A study of the process of communalization in Bengal is incomplete without a critical examination of its societal structure. Bengal was one on the few states in which Muslims were a majority. But their majority position was not strong enough since the Hindus and Muslims were almost evenly matched in terms of sheer numbers. To add to that, the Muslims in Bengal were also economically, socially and politically lagging behind the Hindus.7 The slight advantage the Muslim population enjoyed over Hindus was more than counterbalanced by the superior position of the latter in economic, social and political life of the province. This generated a feeling among the Muslims that they were ‘economically exploited, culturally subjugated and politically dominated by the Hindus.’8

The Permanent Settlement of 1793 and its subsequent modifications of 1859 and 1885, gave rise to two sets of rights over land- one, a right of proprietorship enjoyed, in the early twentieth century, by some 150,000 zamindars and nearly 3 million holders of intermediate tenures; and two, a right of occupation held by those among the peasantry who had legally recognized rights of tenancy.9The eastern and northern districts of Bengal were the predominantly Muslim areas of the province. Muslims formed the overwhelming bulk of the peasantry whereas the landlords were mainly Hindus in these districts.

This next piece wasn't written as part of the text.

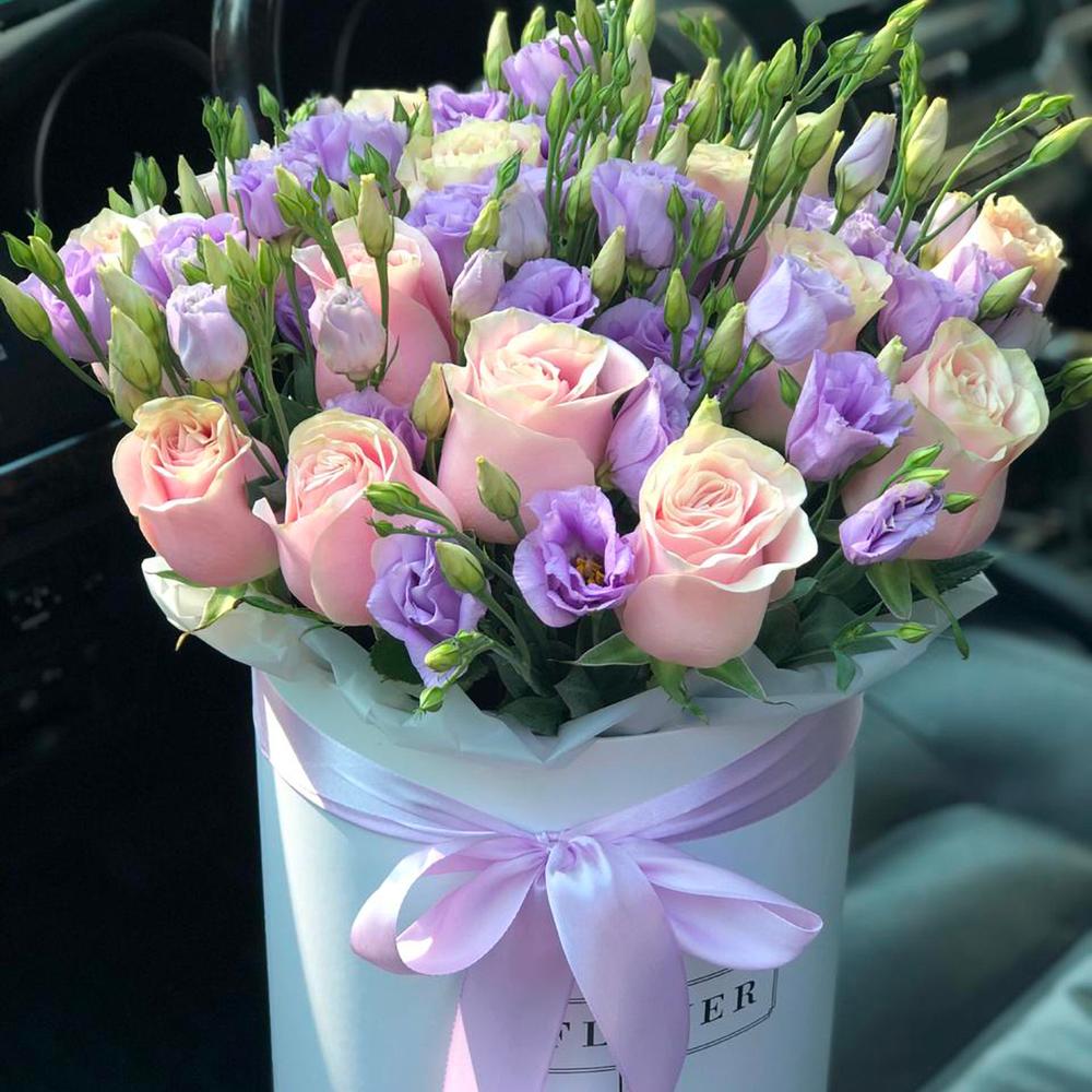 Чудесная композиция в коробке из нежных оттенков роз и лиловых эустом.

But this simplistic explanation fails to give a complete picture about the significance of Hindu-Muslim divide in the matter of mutual perceptions of landlord and peasantry in the predominantly Muslim districts of Bengal.10 But it is important for us not to lose sight of the fact that the peasantry in Bengal was not a homogenous group. For instance, in coastal Khulna, there were substantial cultivators (abadkari praja)who enjoyed many customary rights not common elsewhere among the raiyats (tenants). Many were accepted as tenureholders under the Tenancy Act. In fact the Noakhali Settlement Report says that many of the Muslim cultivators of that district had ‘risen to become middlemen, howladarsand

talukdars, and a few even zamindars (landlords), but they were all of the same stock’, and many continued to cultivate even after acquiring superior rights.11 But, on the other hand, in the eastern districts of Dacca or Faridpur, with large Muslim populations, there were few cases of cultivators operating in effect as intermediate rentiers.12

7For further explanation see Humaira Momen,Muslim Politics in Bengal: A Study of the Krishak Praja Party And The Elections of 1937 (Dacca: Sunny House, 1972) pp. 1-9 and Shila Sen,Muslim Politics in Bengal 1937-1947

(New Delhi: Implex India, 1976) p. 1.

8Shila Sen, Muslim Politics in Bengal 1937-1947 (New Delhi: Implex India, 1976) p. 1

9Partha Chatterjee, ‘Bengal Poltics and the Muslim Masses, 1920-47’, p. 263.

10Ibid., pp. 265-265.

11Final Report on the Survey and Settlement Operations in Noakhali, cited in Ibid., p. 267.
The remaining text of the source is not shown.